- **Given data**:

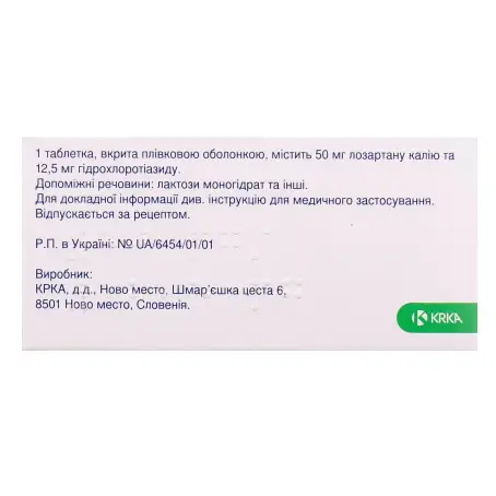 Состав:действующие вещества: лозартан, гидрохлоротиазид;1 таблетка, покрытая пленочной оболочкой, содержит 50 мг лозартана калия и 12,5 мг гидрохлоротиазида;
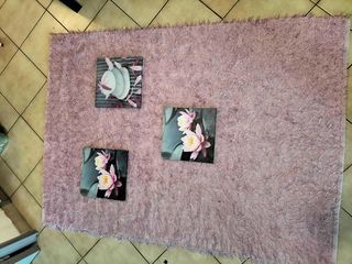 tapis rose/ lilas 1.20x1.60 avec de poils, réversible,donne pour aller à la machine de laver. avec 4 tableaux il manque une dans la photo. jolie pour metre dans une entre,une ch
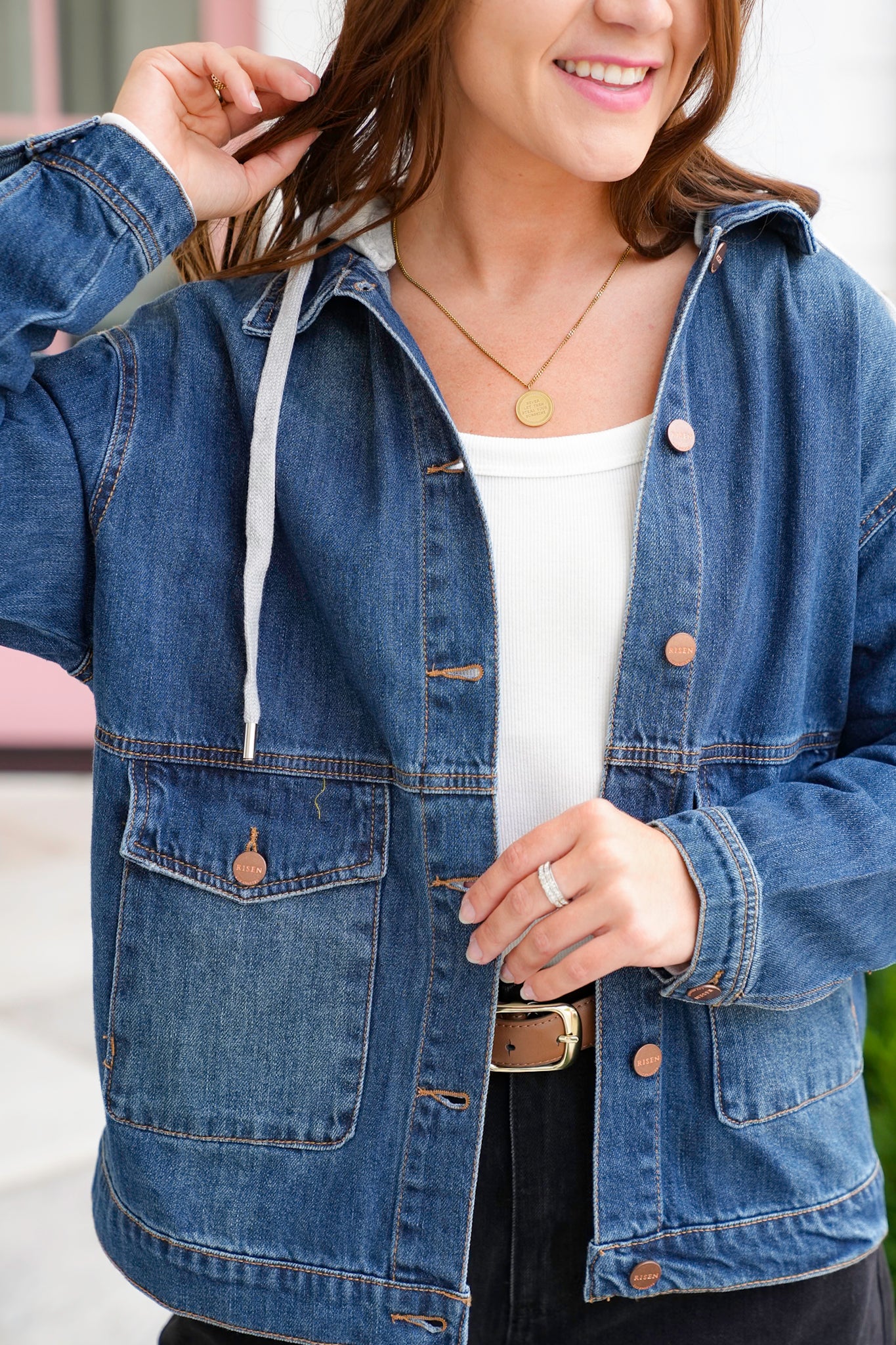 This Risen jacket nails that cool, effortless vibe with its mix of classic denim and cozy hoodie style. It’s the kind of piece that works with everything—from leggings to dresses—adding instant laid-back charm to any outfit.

- **What this task involves**:
Output every line above exactly as it stands, and drop any picture.

- **Exercise answer**:
 Состав:действующие вещества: лозартан, гидрохлоротиазид;1 таблетка, покрытая пленочной оболочкой, содержит 50 мг лозартана калия и 12,5 мг гидрохлоротиазида;
 tapis rose/ lilas 1.20x1.60 avec de poils, réversible,donne pour aller à la machine de laver. avec 4 tableaux il manque une dans la photo. jolie pour metre dans une entre,une ch
 This Risen jacket nails that cool, effortless vibe with its mix of classic denim and cozy hoodie style. It’s the kind of piece that works with everything—from leggings to dresses—adding instant laid-back charm to any outfit.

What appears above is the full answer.